Boomerang inspiration for the DeLorean

Riley Riley

Everyone knows what a boomerang is, right?

But I bet you didn’t know there was a car called the Boomerang, the Maserati Boomerang in fact — a one-off supercar from the 1970s.

Designed by Giorgetto Giugiaro and produced by the team at Italdesign, the Boomerang was introduced at the 1971 Turin motor show.

But it wasn’t until the following year that Maserati bowed to pressure and actually built a ‘runner’, the term used for a fully-working version — and only one was ever built.

Boomerang’s ground-breaking wedge-design was so far ahead of everything else back then that it still looks fabulous 50 years later.

Italdesign borrowed the chassis and complete mechanics from the Maserati Bora as a platform for the car, with a centre-mounted, 4.7-litre DOHC V8.

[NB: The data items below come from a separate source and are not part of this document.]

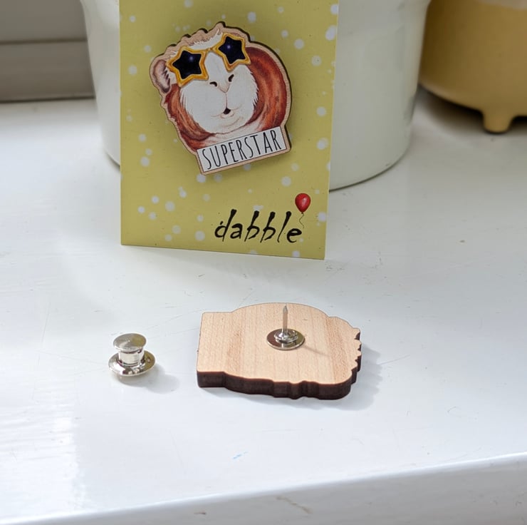 Are all guinea pig owner's happy? I think so. So here's a happy little superstar guinea pig wooden pin badge. A cute guinea pig gift for any superstar in your life - friends, family, loved ones and especially yourself! Pin your lapel badge to your collar, jacket pocket or lanyard, the steel pin on the back will secure it there.
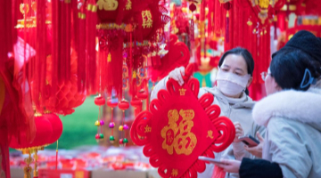 1月16日,市民在廣州新春燈會現場買花燈。
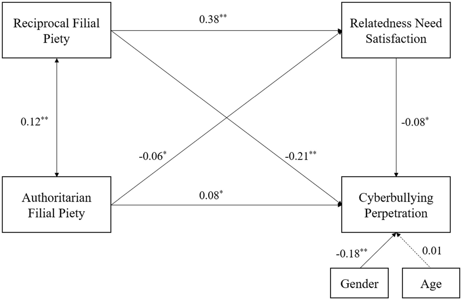 Thereby, we propose H2: Filial piety belief influences cyberbullying perpetration through the mediating role of relatedness need satisfaction. RFP positively affects relatedness need satisfaction, whereas AFP negatively affects relatedness need satisfaction. Relatedness need satisfaction has a negative impact on cyberbullying perpetration.
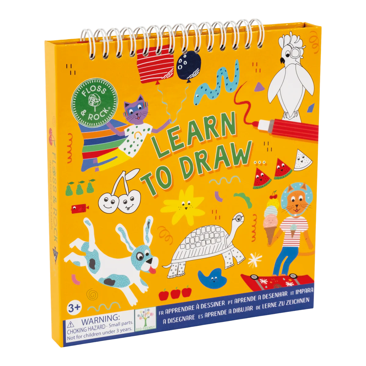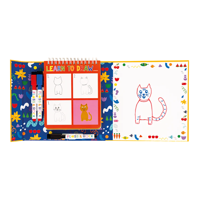 Open the book to reveal 8 thick glossy pages, 3 colour dry wipe pens with erasers and a draw and colour section to copy the image. Each page has a 3 step guide as to how to draw your masterpiece! The book folds almost flat with a magnetic closure and is perfect for travel and taking out and about. Reusable over and over again.
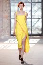 Lak sent out a beautiful wispy silk floral mid-length dress with a twisted cutout detail at the bodice, followed by a cargo pant and tunic version. But it was the Impressionist-printed jacket and matching wrap skirt, adorned by a fur stole worn like a slouchy backpack, that set the tone.
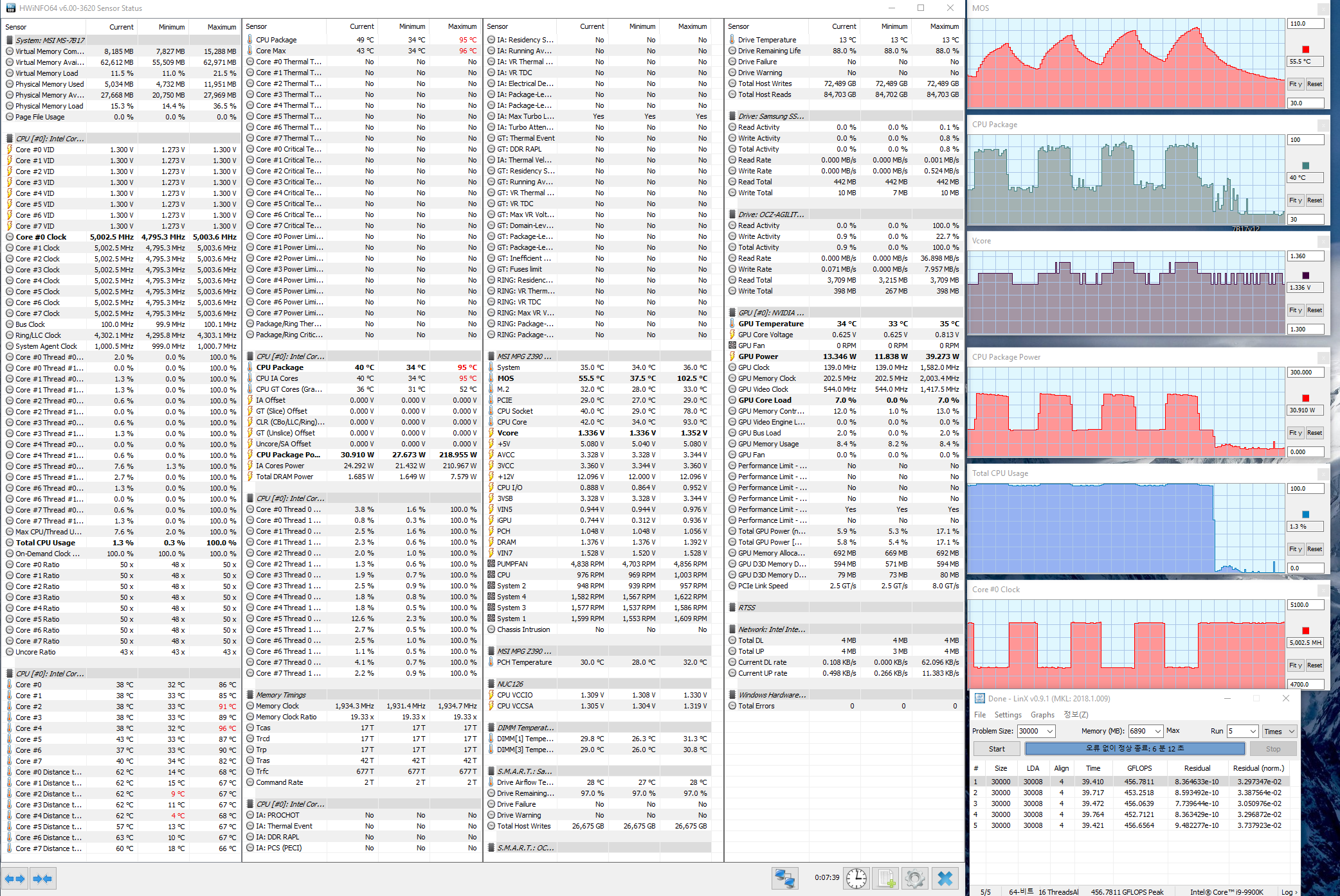 Полученный результат должен иметь следующий вид: Скриншот рабочего стола после прохождения >9 циклов (т.е. между 9 и 10 проходами). Вместе с LinX на рабочем столе должны быть развернуты CPU-Z (первая вкладка) и Core Temp, это обязательный минимум. Такой набор программ даст информацию о напряжении и температурах под нагрузкой-простоем. По желанию можете добавить другие программы, показывающие дополнительную информацию о вашей системе, например третью вкладку CPU-Z, которая покажет модель материнской платы и версию BIOS. Пример результата разгона: Mad Max, 5100 МГц (AVX 0), i7-8086K, HT-ON, Cache 4700, Vcore=1.36V, Batch L805E123, Gigabyte Z370 Aorus Gaming 7 (bios F6), Be Quiet! Dark Rock Pro 4, ЖМ под HS, Windows 10 Pro 64-bit 1809, LinX 0.9.3 64bit.
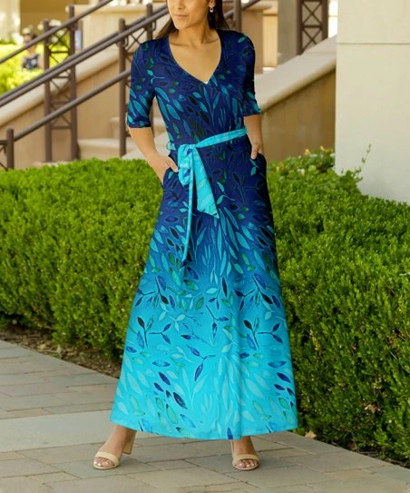 Spruce up your collection with this surplice maxi dress that showcases a belted tie-waist, half sleeves and pockets.
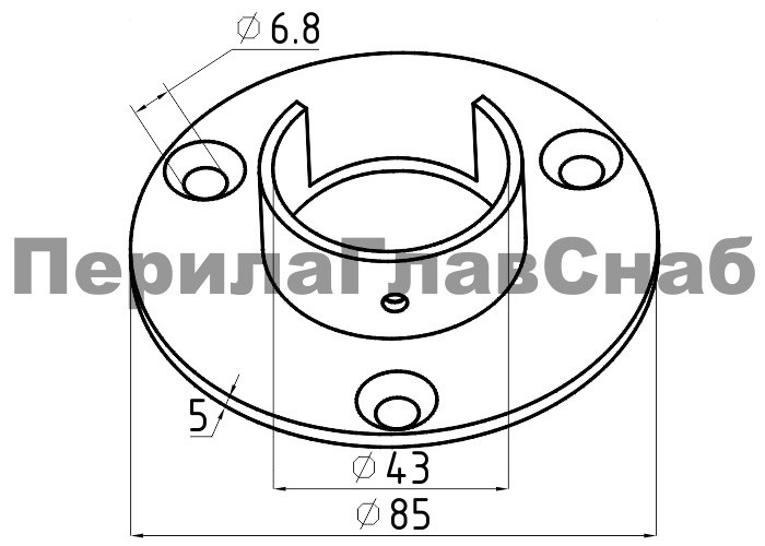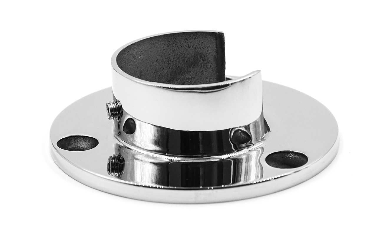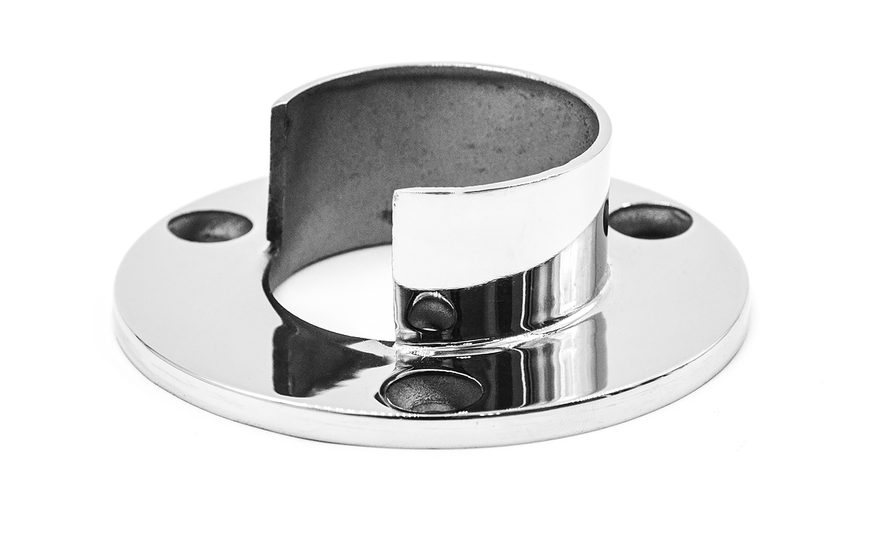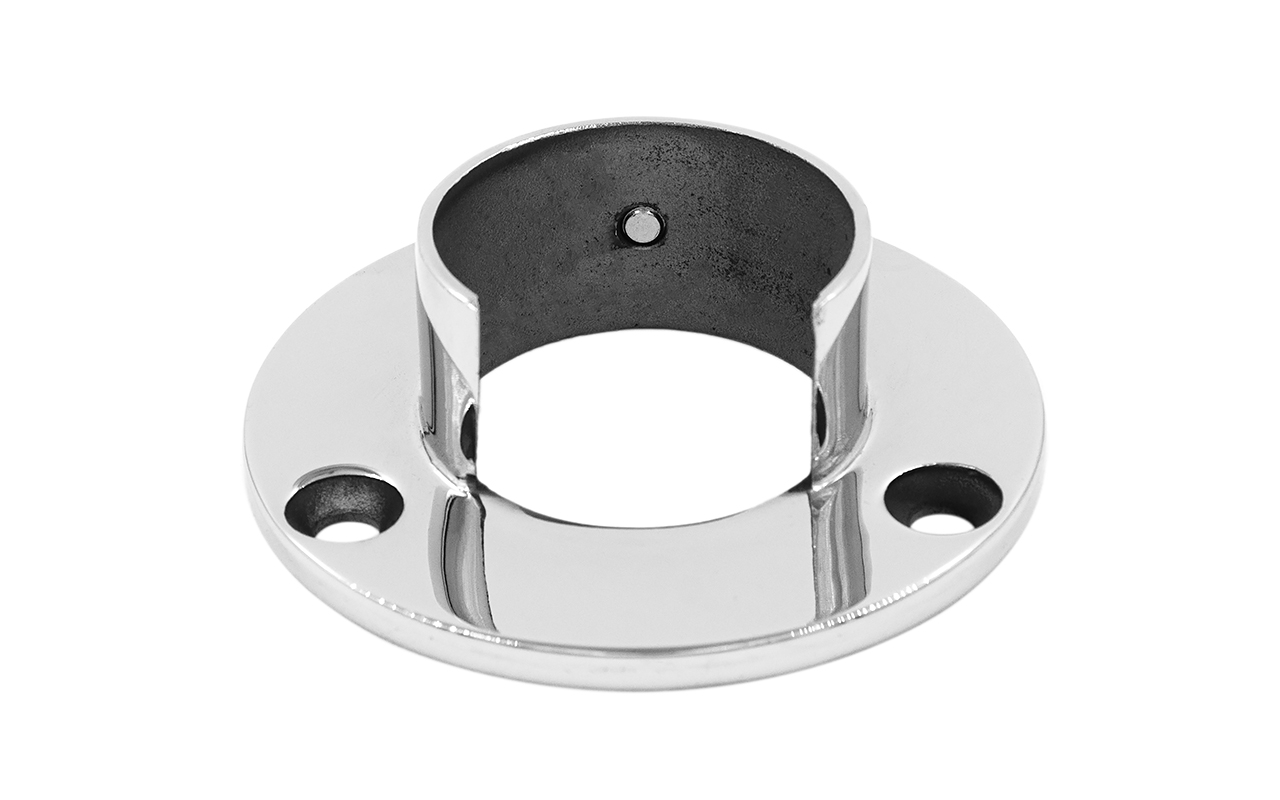 Фланец настенный, для поручня Ø42.4 мм, с пазом 24х24 мм под стекло, полированный

It pushed out 231kW of power and 460Nm of torque, and had a top speed of almost 300 km/h.

Drive was to the rear wheels through a five-speed gearbox.

Sadly, the two-seater sports coupé never made it into production.

It was however the inspiration for many cars to come, including the famous DeLorean from the movie Back to the Future.

1972 Maserati Boomerang 10
Louis Vuitton print ad showing car and fashion model at the Giardini della Biennale (Venice).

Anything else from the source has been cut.